The task calls for the lines below from the line with "Kundmachung Bauverhandlung 15.04.2026" to the line with "- U poruci se", both ends included, copied exactly, without any pictures.

DATASET RECORDS =>
——

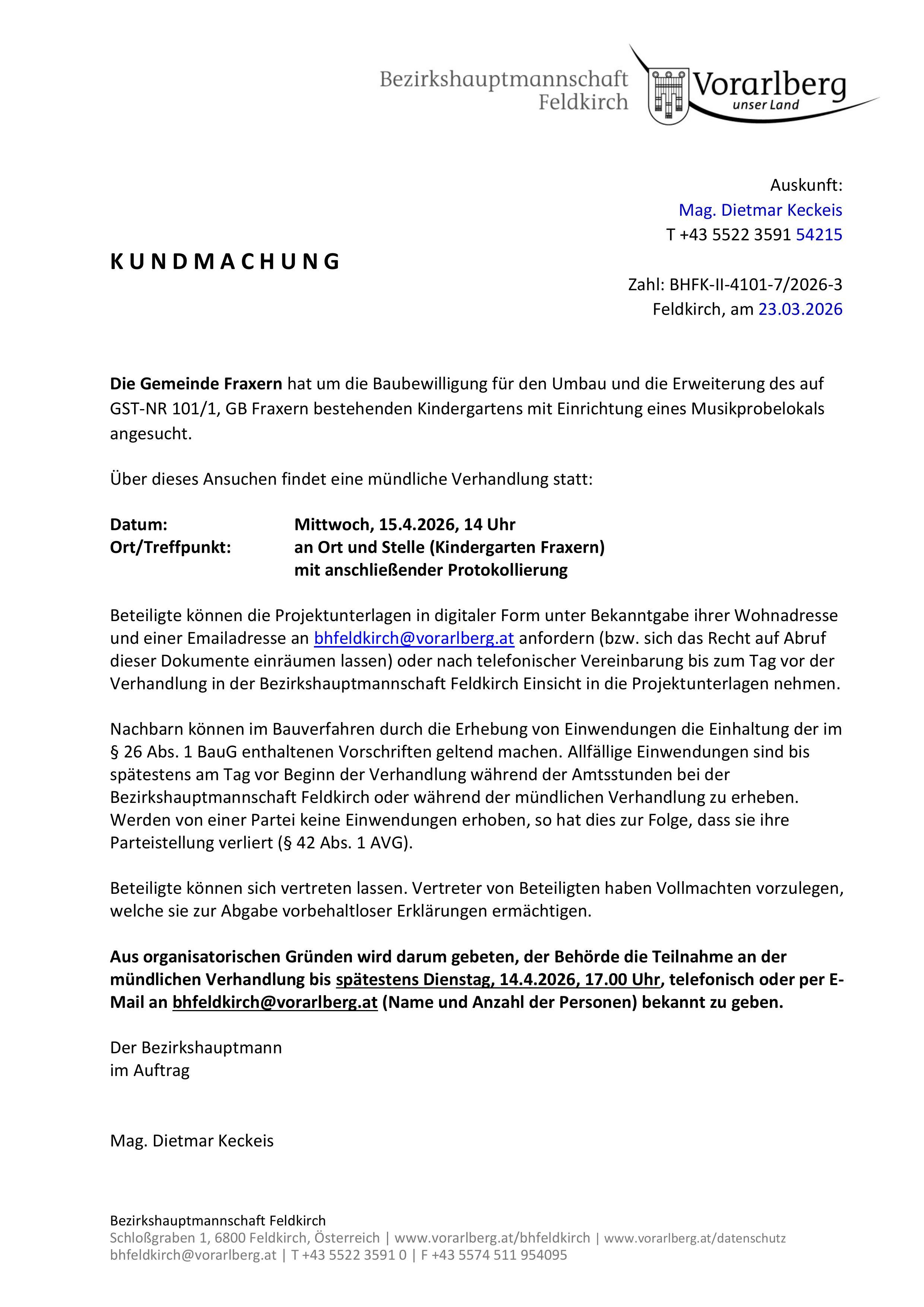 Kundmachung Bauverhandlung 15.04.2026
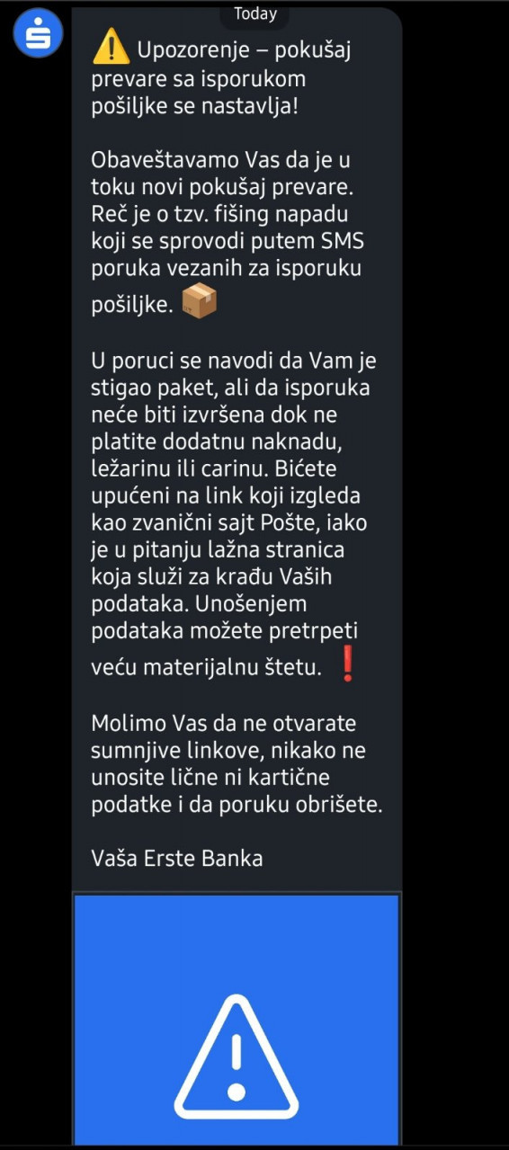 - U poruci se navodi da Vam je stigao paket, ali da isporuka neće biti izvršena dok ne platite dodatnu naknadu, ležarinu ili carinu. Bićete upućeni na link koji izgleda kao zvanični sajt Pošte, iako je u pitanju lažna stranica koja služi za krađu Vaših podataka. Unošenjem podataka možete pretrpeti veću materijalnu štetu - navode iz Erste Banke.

——

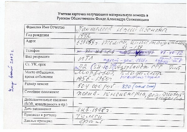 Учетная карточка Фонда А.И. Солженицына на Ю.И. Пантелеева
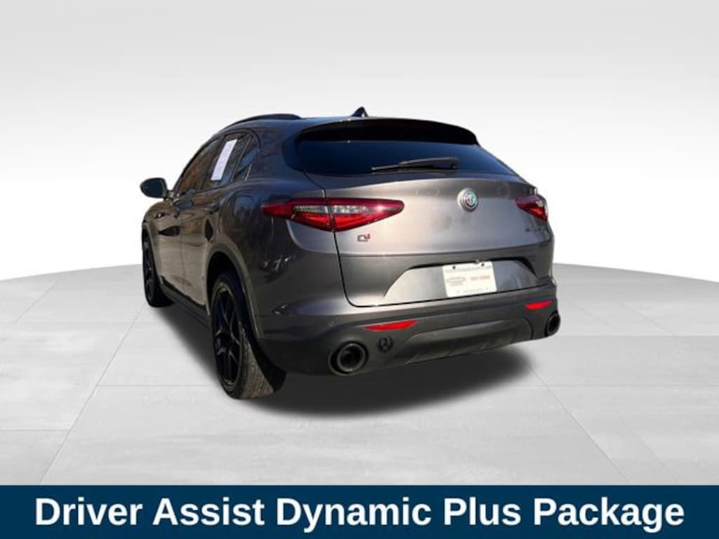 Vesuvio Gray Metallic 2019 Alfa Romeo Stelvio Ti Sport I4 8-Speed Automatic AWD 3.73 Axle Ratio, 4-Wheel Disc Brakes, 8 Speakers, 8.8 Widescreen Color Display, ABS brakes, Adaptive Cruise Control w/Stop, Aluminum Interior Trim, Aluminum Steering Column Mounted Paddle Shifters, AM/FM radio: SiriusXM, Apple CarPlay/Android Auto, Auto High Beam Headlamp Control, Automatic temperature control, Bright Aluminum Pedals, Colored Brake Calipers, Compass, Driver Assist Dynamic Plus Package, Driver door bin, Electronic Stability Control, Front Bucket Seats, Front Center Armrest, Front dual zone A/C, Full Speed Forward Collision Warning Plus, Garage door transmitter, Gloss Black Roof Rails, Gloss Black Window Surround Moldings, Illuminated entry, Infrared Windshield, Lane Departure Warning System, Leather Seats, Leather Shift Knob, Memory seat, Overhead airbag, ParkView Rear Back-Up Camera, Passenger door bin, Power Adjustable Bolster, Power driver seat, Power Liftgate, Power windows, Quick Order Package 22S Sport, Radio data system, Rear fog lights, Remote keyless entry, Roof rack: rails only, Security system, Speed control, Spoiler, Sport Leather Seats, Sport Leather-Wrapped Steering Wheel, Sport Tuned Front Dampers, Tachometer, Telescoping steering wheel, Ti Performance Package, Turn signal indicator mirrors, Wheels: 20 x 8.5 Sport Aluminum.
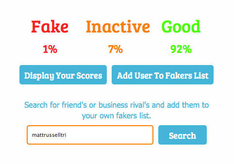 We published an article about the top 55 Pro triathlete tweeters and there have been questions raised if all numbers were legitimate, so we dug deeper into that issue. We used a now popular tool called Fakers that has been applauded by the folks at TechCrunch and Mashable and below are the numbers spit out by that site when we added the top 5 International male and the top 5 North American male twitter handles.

——

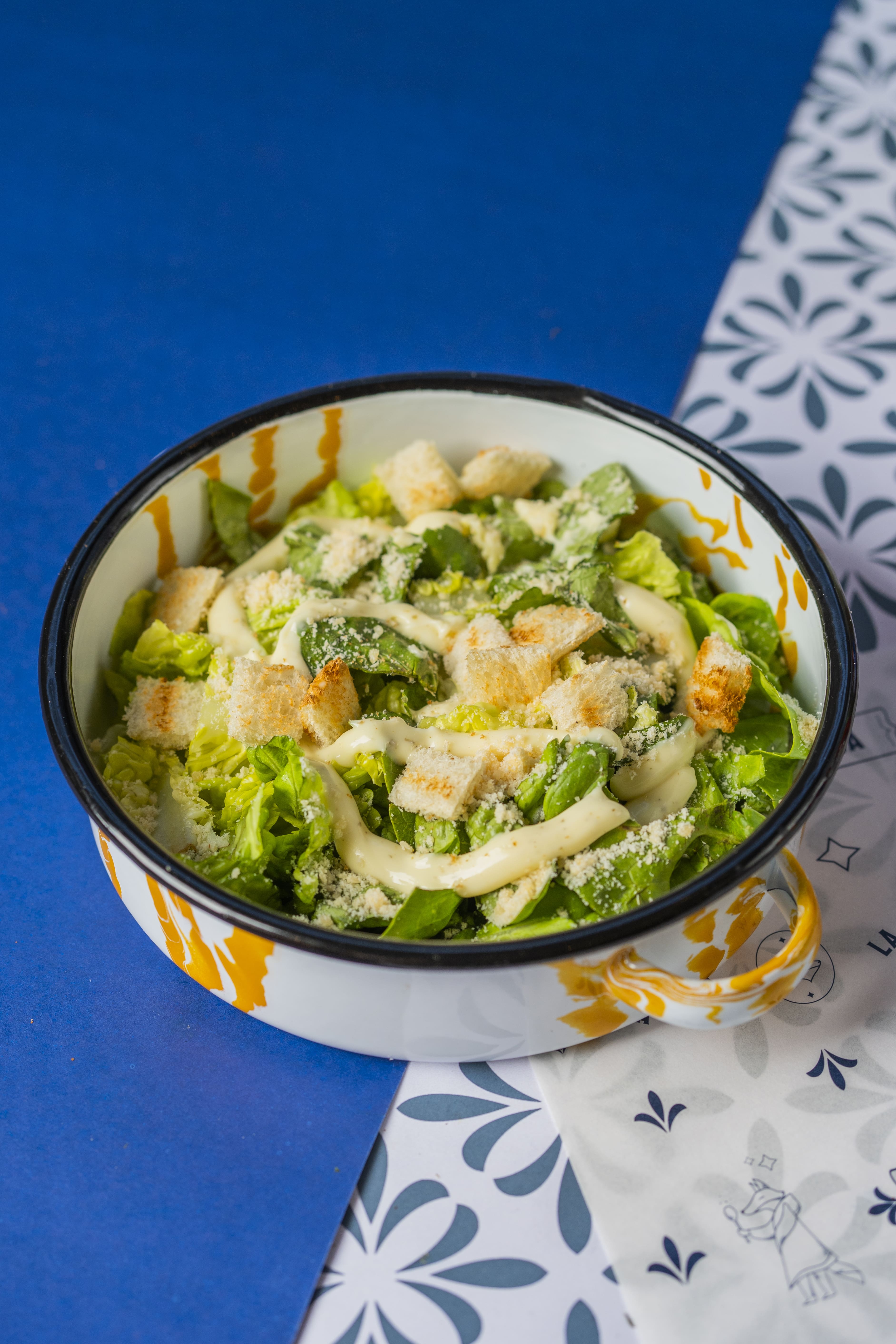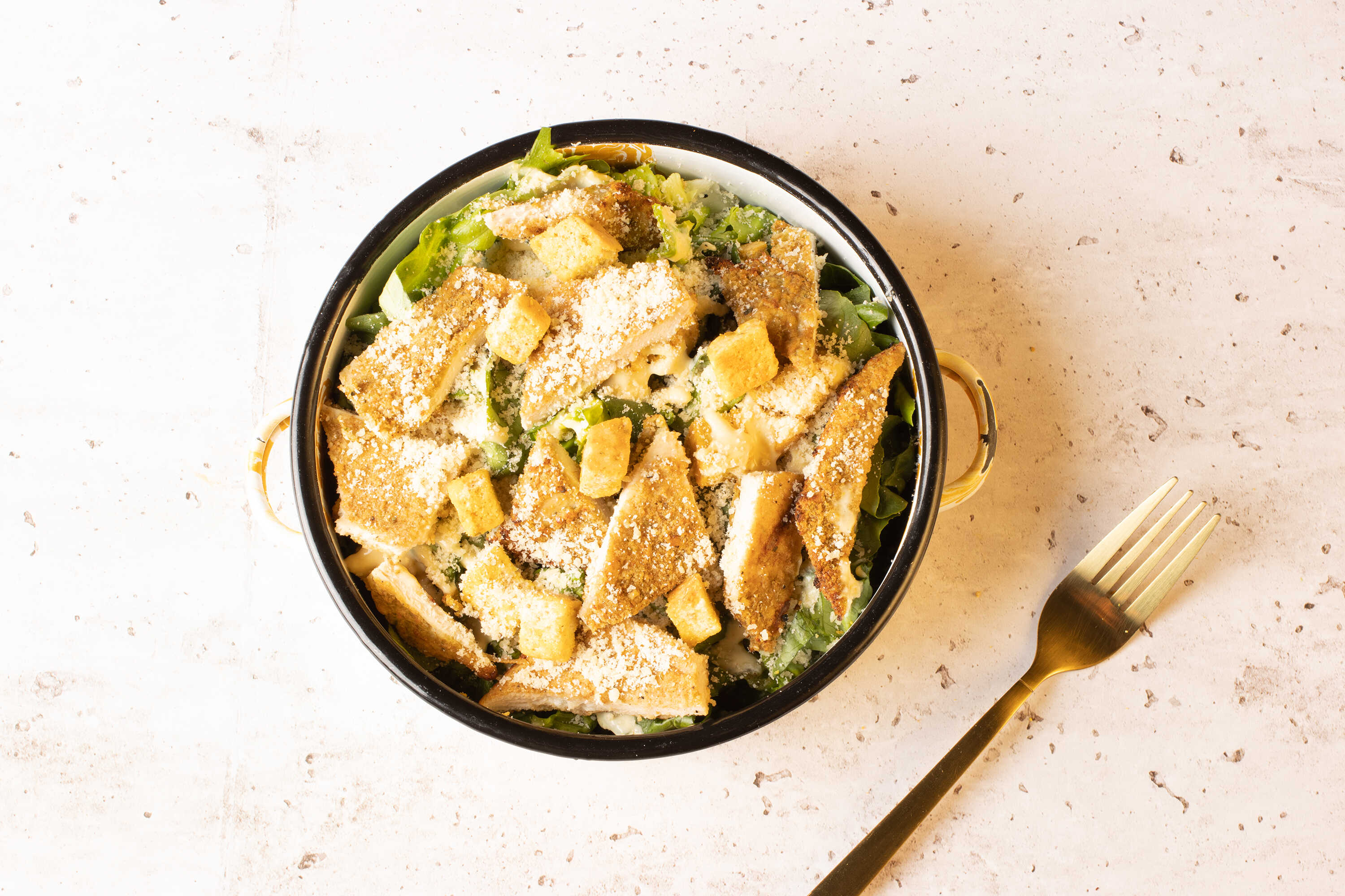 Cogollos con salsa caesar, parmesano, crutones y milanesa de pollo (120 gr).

——

OUTPUT BELOW =>
 Kundmachung Bauverhandlung 15.04.2026
 - U poruci se navodi da Vam je stigao paket, ali da isporuka neće biti izvršena dok ne platite dodatnu naknadu, ležarinu ili carinu. Bićete upućeni na link koji izgleda kao zvanični sajt Pošte, iako je u pitanju lažna stranica koja služi za krađu Vaših podataka. Unošenjem podataka možete pretrpeti veću materijalnu štetu - navode iz Erste Banke.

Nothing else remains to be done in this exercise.